- Theatrical release poster
- Directed by: Syed Faisal Bukhari
- Screenplay by: Pervaiz Kaleem
- Produced by: Aslam Bhatti
- Starring: Ahsan Khan Javeria Abbasi Javed Sheikh Shweta Tiwari Raheela Agha
- Edited by: Ahmed Afridi
- Music by: Sajid Hussain
- Production company: A B Pictures
- Distributed by: 786 Media Works
- Release date: 29 July 2014;
- Country: Pakistan
- Language: Urdu
- Box office: Rs. 3.15 crore (US$110,000)

= Sultanat (2014 film) =

2014 film by Syed Faisal Bukhari

Sultanat (سلطنت; ) is a 2014 Pakistani action romance film and 30-episode television series created and directed by Syed Faisal Bukhari, who had previously directed the top-grossing film Bhai Log, and produced by Aslam Bhatti, who also plays the lead role. The film has a multi-star cast including actors from the Indian television industry. It is said to be the most expensive film of Pakistani film industry, having a 22-crore budget. Pakistani writer Pervaiz Kaleem wrote the screenplay and dialogue. Ahmed Afridi is doing editing for this movie and he is handling post production sound designing and visual effects. It will be released as a film and later turned into a television series.
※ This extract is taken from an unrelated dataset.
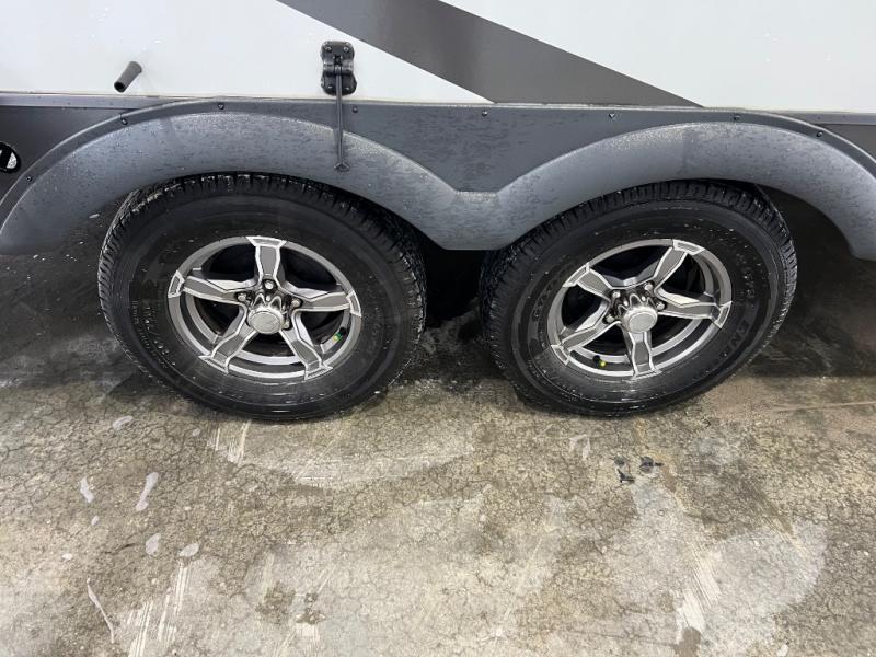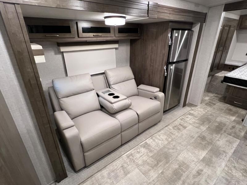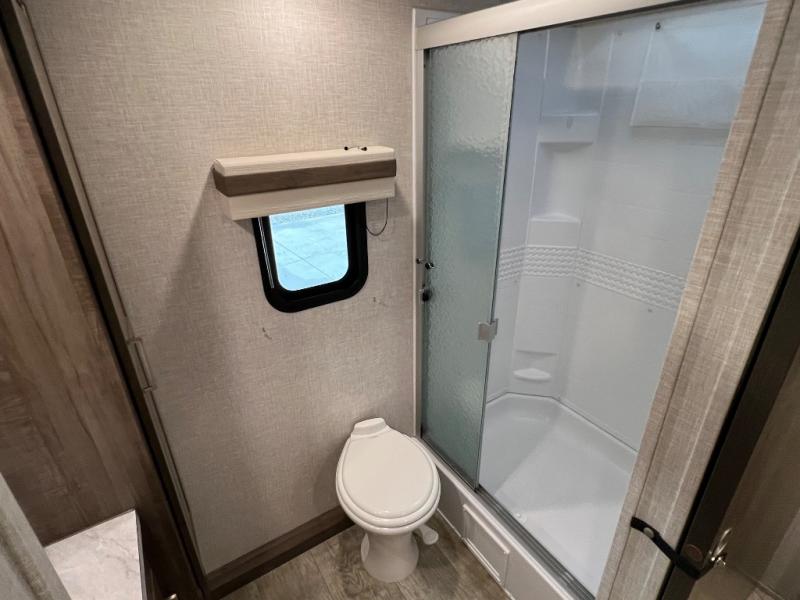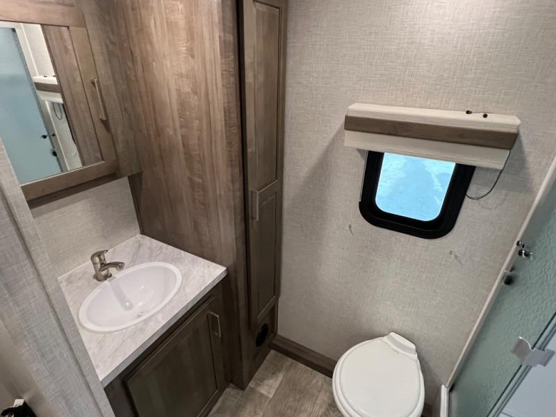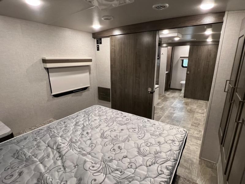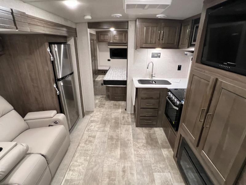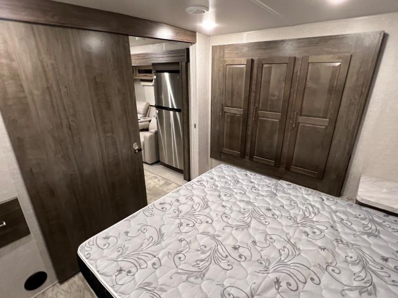 Camping trips to the lake just got sweeter with this dual slide out travel trailer in tow! Once you arrive, unload your gear from the exterior drop-frame pass-through storage, then start lunch on the exterior griddle. If you need a rest after traveling all day, the RV queen bed in the front bedroom is sure to give you comfort, or you can relax on the theater seating. The fireplace and entertainment center with an LED TV will make this space feel just like home, and check out the spacious full rear bath for added privacy. This model also includes an entryway closet/pantry for jackets, shoes, and food!

The film released on Eid al-Fitr, 2014. in cinemas across Pakistan.

==Cast==
- Kashif Mehmood
- Deepak Shirke
- Akashdeep Saigal as Tabraiz
- Shweta Tiwari
- Chetan Hansraj as Javaid
- Zainab Qayyum as Zainab
- Ahsan khan
- Javeria Abbasi
- Nayyar Ejaz as Shafi
- Shabbir Jan
- Achint Kaur as Tara
- Mustafa Qureshi as Haji Baba
- Sila Hussein
- Govind Namdev as Gharo Dollor
- Haroon Ashraf
- Raheela Agha
- Ayub Khoso as Dumma
- David Firefly as David
- Aslam Bhatti as Aslam
- Umar Jadoon as himself (Special appearance in item song Sone Di Tawitri)
- Sara Loren as herself (Special appearance in item song Saiyaan)
- Afreen Khan as herself (Special appearance in item song Sone Di Tawitri)

===Promotion===
The film was promoted in Dubai.

===Post-release===
Sultanat was panned by critics across the country.
Kamran Jawaid of Dawn named his review, "Movie Review: It doesn't get worse than Saltanat" and gave the film 1 out of 5 stars. Muhammad ShahZaib Siddiqui (@hellozaib) said on Twitter "Over all film is super duper but songs are too much vulgar so please don't watch it with family" Irteza Bhatti (@bhatti_rockstar) review on Twitter "well go nd watch it its super but dnt compare to Indian or any other nd give time to film its superb I love if nd watched twice". Jawaid claimed that it was probably the worst film in the history of cinema and that he had never seen people actually leave the cinema during a movie before this. His final words read, "Definitely not a good way to spend your Eid day – or any other day for that matter."